Morgan Stanley IM: Die Bewertungen sind gesunken, die Risiken aber nicht

Aktien

Könnten sich rückläufige Gewinne und ein Liquiditätsengpass als ernsthafte Gefahr für die Vermögenspreise erweisen? Wo finden Sie Zuflucht? Fragen Sie das International Equity Team.

25.02.2019 | 12:51 Uhr

Das Gute an Aktien ist, dass es lediglich zwei Arten gibt, Geld zu verlieren – fallende Gewinne oder sinkende Bewertungen. Vor einem Jahr waren es die Bewertungen, die uns die größte Sorge bereiteten. Nach dem Aufschwung der Märkte im Jahr 2017 notierte der MSCI World Index zum 17-Fachen der Gewinne für die kommenden zwölf Monate.1 Das deutete darauf hin, dass die Märkte das unwahrscheinliche Positivszenario eines weltweit synchronen Wachstums einpreisten – und gleichzeitig bedeutende Verluste riskierten, falls nicht alles nach Plan verlaufen sollte. Zu Beginn des Jahres 2019 hingegen notiert der MSCI World Index zum 13,4-Fachen der erwarteten Gewinne und liegt somit 14% unter dem durchschnittlichen Kurs/Gewinn-Verhältnis (KGV) über 20 Jahre von 15,5 sowie 20% unter dem Vorjahreswert.2 Unsere größten Sorgen sind folglich nicht mehr die Bewertungen, sondern die Gewinne.

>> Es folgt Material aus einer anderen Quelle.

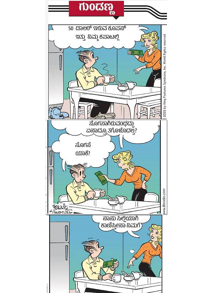 <p>ಗುಂಡಣ್ಣ: ಬುಧವಾರ, 04 ಮಾರ್ಚ್ 2026</p>.<div><p><strong>ಪ್ರಜಾವಾಣಿ ಆ್ಯಪ್ ಇಲ್ಲಿದೆ: <a href="https://play.google.com/store/apps/details?id=com.tpml.pv">ಆಂಡ್ರಾಯ್ಡ್ </a>| <a href="https://apps.apple.com/in/app/prajavani-kannada-news-app/id1535764933">ಐಒಎಸ್</a> | <a href="https://whatsapp.com/channel/0029Va94OfB1dAw2Z4q5mK40">ವಾಟ್ಸ್ಆ್ಯಪ್</a>, <a href="https://www.twitter.com/prajavani">ಎಕ್ಸ್</a>, <a href="https://www.fb.com/prajavani.net">ಫೇಸ್ಬುಕ್</a> ಮತ್ತು <a href="https://www.instagram.com/prajavani">ಇನ್ಸ್ಟಾಗ್ರಾಂ</a>ನಲ್ಲಿ ಪ್ರಜಾವಾಣಿ ಫಾಲೋ ಮಾಡಿ.</strong></p></div>
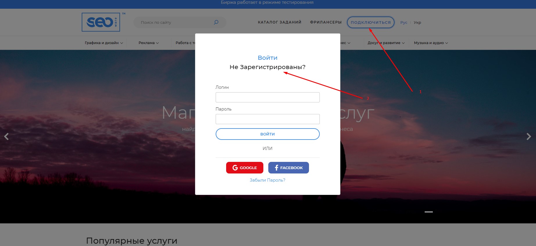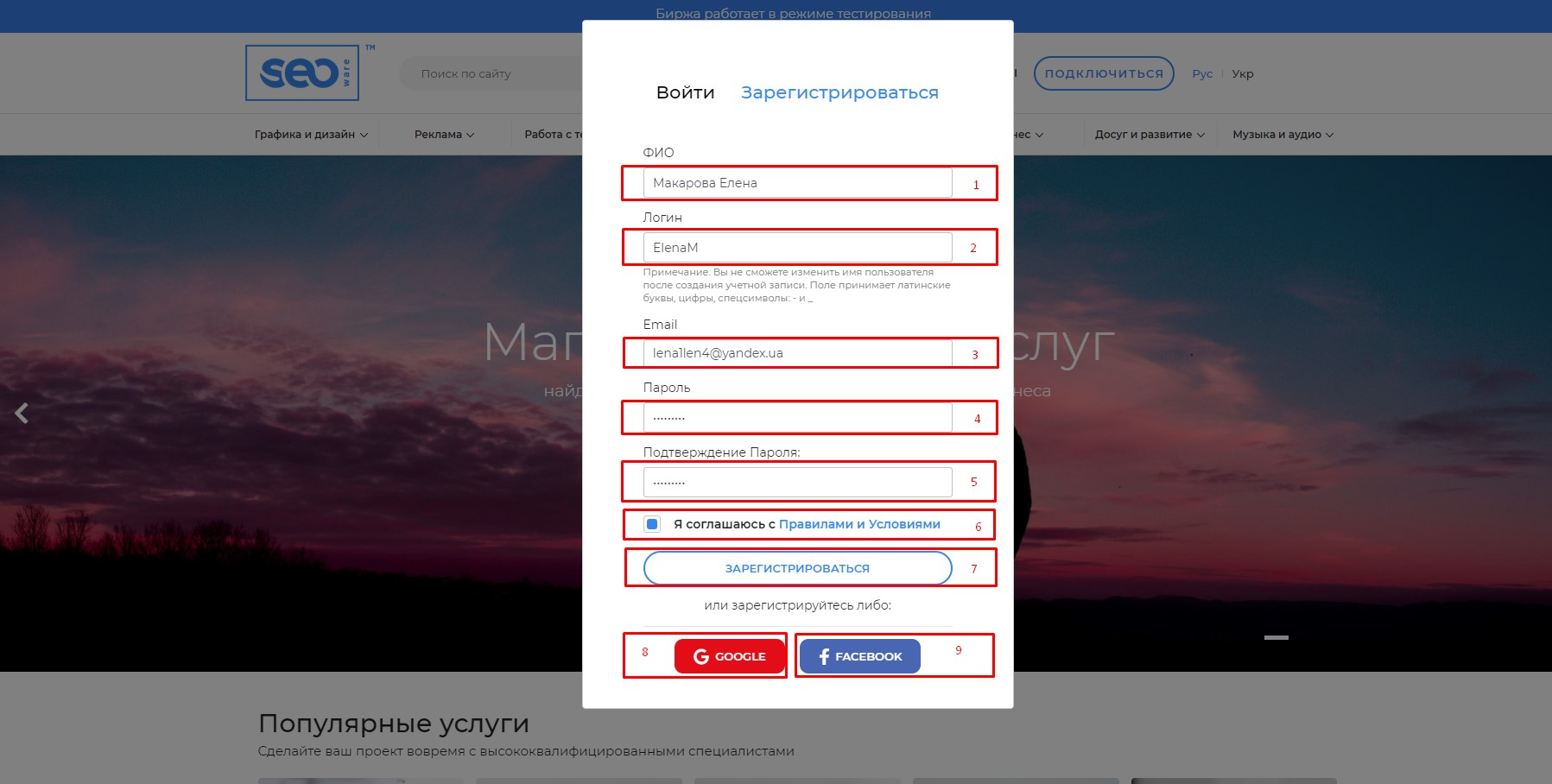 - кнопка "Facebook" - для регистрации с помощью Facebook

„Unsere größten Sorgen sind nicht mehr die Bewertungen, sondern die Gewinne“

Gewinnprognosen lösen in uns weiterhin ein allgemeines Unbehagen aus, da es sich dabei um Vermutungen über Unwahrheiten handelt. Es sind Vermutungen, da sich die Sell-Side stets überoptimistisch zeigt und ihre Ein-Jahres-Prognosen um durchschnittlich 8% von den tatsächlichen Gewinnen abweichen. Dieser Wert liegt leicht über den 7%, auf die das Gewinnwachstum des MSCI World Index für das Jahr 2019 geschätzt wird.3 Die Unwahrheiten sind durch die Kluft begründet, die zwischen den „bereinigten“ Gewinnen, die die Konsenszahlen (und das Gehalt der Manager) antreiben, und den tatsächlichen gemeldeten Gewinnen (GAAP/IFRS),4die auf den Gewinn- und Verlustrechnungen ausgewiesen werden, besteht. Allein in den USA betrug die Differenz zwischen bereinigten und tatsächlichen Gewinnen in den vergangenen drei Jahren 600 Mrd. USD – eine Übertreibung der Gewinne von durchschnittlich 21%.5 Unsere spezifischere Angst rührt daher, dass die Märkte nur auf Basis der fremdfinanzierten Gewinne günstig erscheinen. Betrachtet man anstelle des KGV den Unternehmenswert (EV/EBITDA)6, so verschwindet der Abschlag gegenüber dem historischen Durchschnitt und die Bewertung des Marktes liegt mit 9,2 leicht über dem Wert von 2003 (9,0), als das KGV mit 17,6 einen Spitzenwert erreichte.7 Niedrigere Unternehmenssteuern spielen dabei eine Rolle, aber auch der drastische Anstieg der Verschuldung, auf den wir zu einem späteren Zeitpunkt in diesem Beitrag genauer eingehen werden. Ein Blick auf das Verhältnis zwischen Unternehmenswert und Umsatz zeigt, dass der MSCI World Index seinen Durchschnitt über 20 Jahre mit einem Wert von 1,8 weiterhin um 16% überschreitet.8 Die Kombination aus einem teuren Markt beim Umsatz und einem „günstigen“ Markt bei den Gewinnen spiegelt die derzeit hohe Rentabilität wieder. Insbesondere in den USA scheinen aktuell sämtliche Antriebsfaktoren für Gewinne ausgereizt – seien es dicke Margen, niedrige Steuern, eine hohe Verschuldung oder niedrige Zinsen.